Enter your authorization code:
··········
Mounted at /content/drive


In [0]:
# Import system packages
import os
import glob

# Importing packages
import pandas as pd
import numpy as np
from numpy import set_printoptions

# Preparing dataset
from sklearn.preprocessing import MinMaxScaler
import random

# Models
from sklearn.tree import DecisionTreeClassifier
from sklearn.ensemble import GradientBoostingClassifier,RandomForestRegressor
from sklearn.svm import SVC
from sklearn.discriminant_analysis import LinearDiscriminantAnalysis
from sklearn.naive_bayes import GaussianNB


# Cross Validation
from sklearn.model_selection import KFold
from sklearn.model_selection import cross_val_score

# Performance Measure
from sklearn import metrics
import statistics

# Plotting
import matplotlib.pyplot as plt

In [0]:
# Control setting to see which types of data
FCTOL = 'FC15Per' #FC10Per or FC15Per
SEG   = ''   #FixedFrameSize, Triad, Delta, or '' 

# Set the folder according to segmentation: '16K Fixed Frame Size', '16K Triad', '4k', and 'EMDDeltaEMD'
if SEG=='FixedFrameSize':
  segmentation = '16K Fixed Frame Size'
elif SEG == 'Triad':
  segmentation = '16K Triad' 
elif SEG == 'Delta':
  segmentation = 'EMDDeltaEMD'
else:
  segmentation = '4K'

## Preparing the Dataset
Loading the feature csv file into arrays and normalized the features to range of [0,1]. There are 49 signals in total with 21 stress signals and 28 non-stress signals

In [4]:
# Setting folder directory
datapath = '/content/drive/My Drive/2019 DDK Paper/Journal/Features/EMD/GITA Features/'
 
# The actual datafile is in Statistical Summary folder
if SEG == 'Delta' or SEG == '':
  datapath = datapath + segmentation + '/'
else:
  datapath = datapath + segmentation + '/Statistical Summary/'


filename = SEG+'*'+FCTOL+'*.csv'
#addrs = glob.glob(datapath+'*.csv')
addrs = glob.glob(datapath+'*'+filename)

print(segmentation)
print(datapath)
print(os.path.basename(addrs[0]))
print(os.path.basename(addrs[1]))



4K
/content/drive/My Drive/2019 DDK Paper/Journal/Features/EMD/GITA Features/4K/
20200303EMDAmpHCEnvFC15Per.csv
20200303EMDAmpPDEnvFC15Per.csv


In [5]:
# Construct dataframe for analysis

# Importing data matrices
HCaddr = [addr for addr in addrs if 'HC' in addr ]
PDaddr = [addr for addr in addrs if 'PD' in addr ]
dfHCOriginal = pd.read_csv(HCaddr[0])
dfPDOriginal = pd.read_csv(PDaddr[0])

print('HC matrix dim: ', dfHCOriginal.shape)
print('PD matrix dim: ', dfPDOriginal.shape)
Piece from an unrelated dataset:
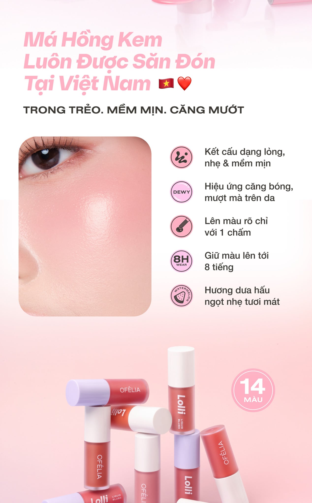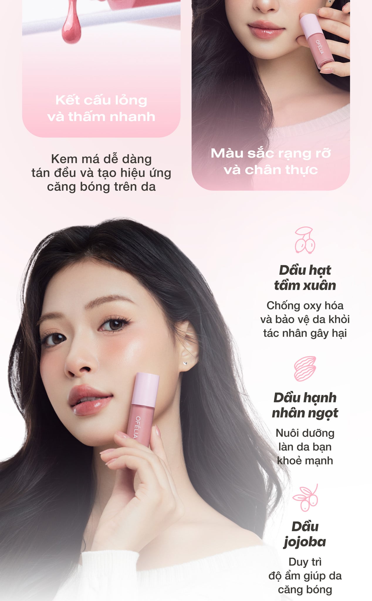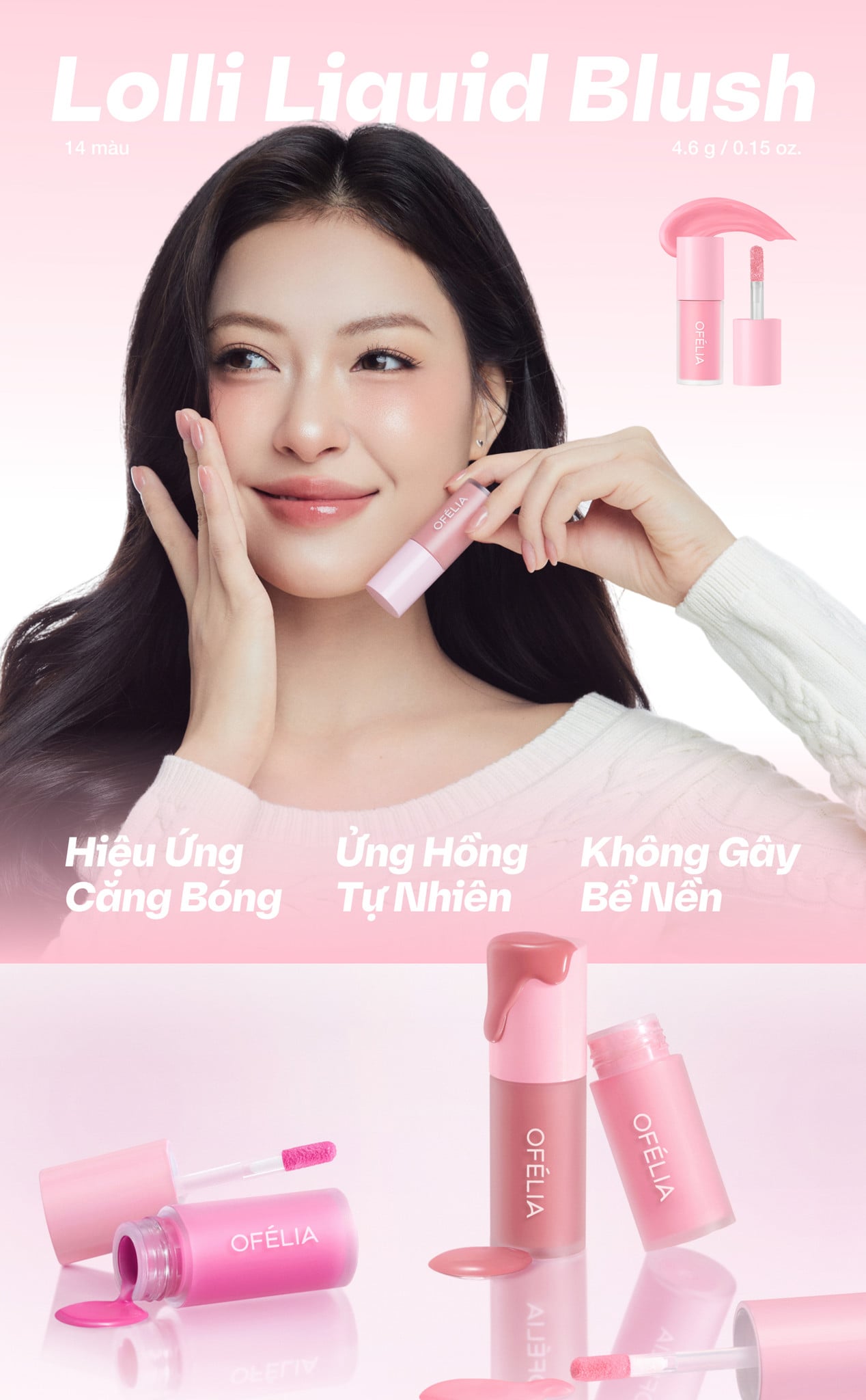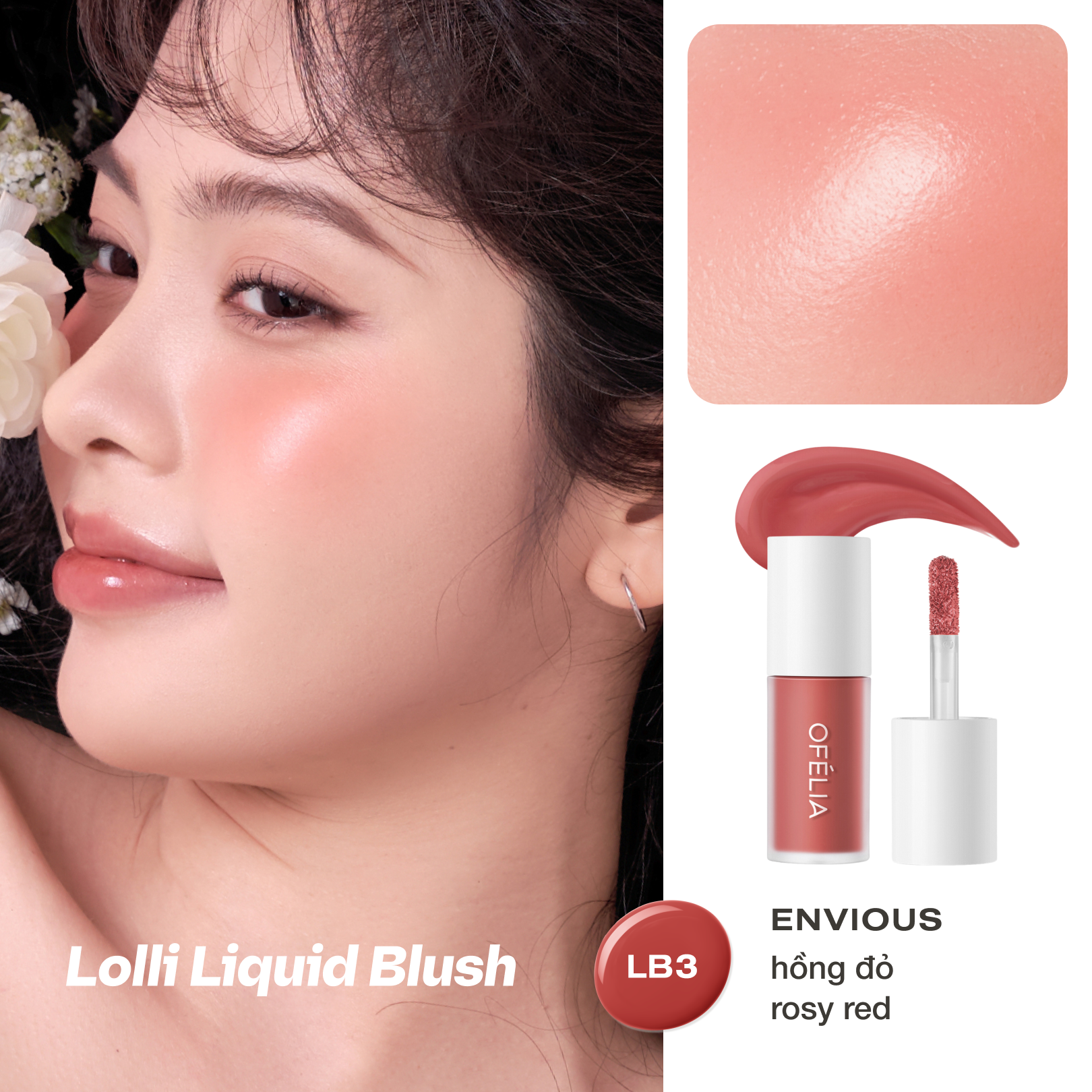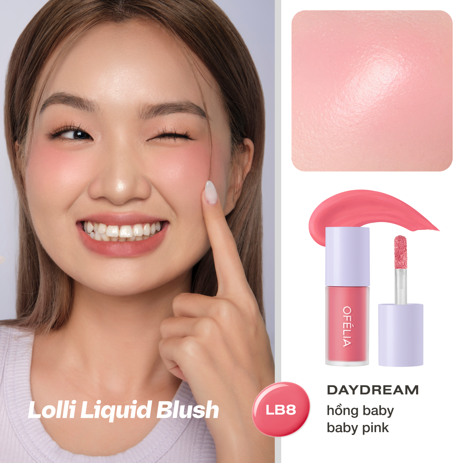 OFÉLIA Lolli Liquid Blush là má hồng có kết cấu dạng kem lỏng, nhẹ và mềm mịn, tạo hiệu ứng trong trẻo cho làn da. Kết cấu nhẹ và lên màu đều, dễ dàng sử dụng, giàu sắc tố và bám vào da tự nhiên, độ bền màu lên đến 12 giờ. Khả năng dưỡng ẩm cao, màu sắc tiệp vào da, cho làn da luôn căng bóng.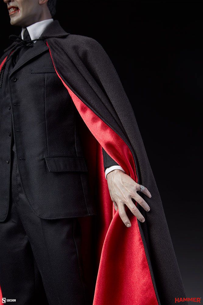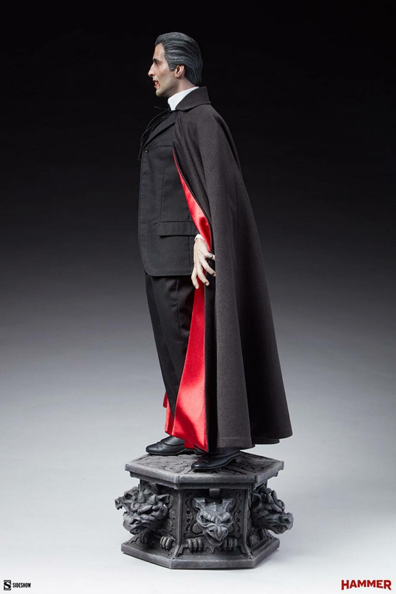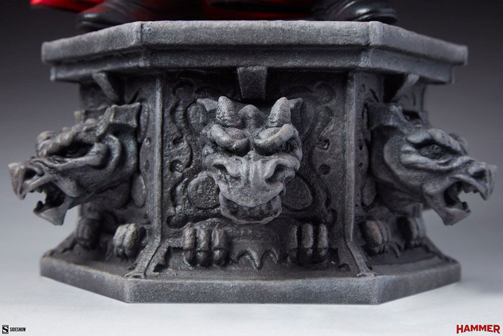 La statua misura 56 cm e raffigura Dracula su una base simile ad una pietra con gargoyles gotici ed è scolpita con incredibile somiglianza all’attore Christopher Lee.

# Combining the HC and PD dataframes
dfHCPD = pd.concat([dfHCOriginal,dfPDOriginal], axis=0)
Labels = np.reshape([np.ones([50,1]), np.zeros([50,1])], (-1,1)) # Label for HC=1 and PD=0

# features
colnames = dfHCPD.columns
if SEG == '':
  hcpdfeatures = np.array(dfHCPD.iloc[:,4:].values)
else:
  hcpdfeatures = np.array(dfHCPD.iloc[:,1:].values)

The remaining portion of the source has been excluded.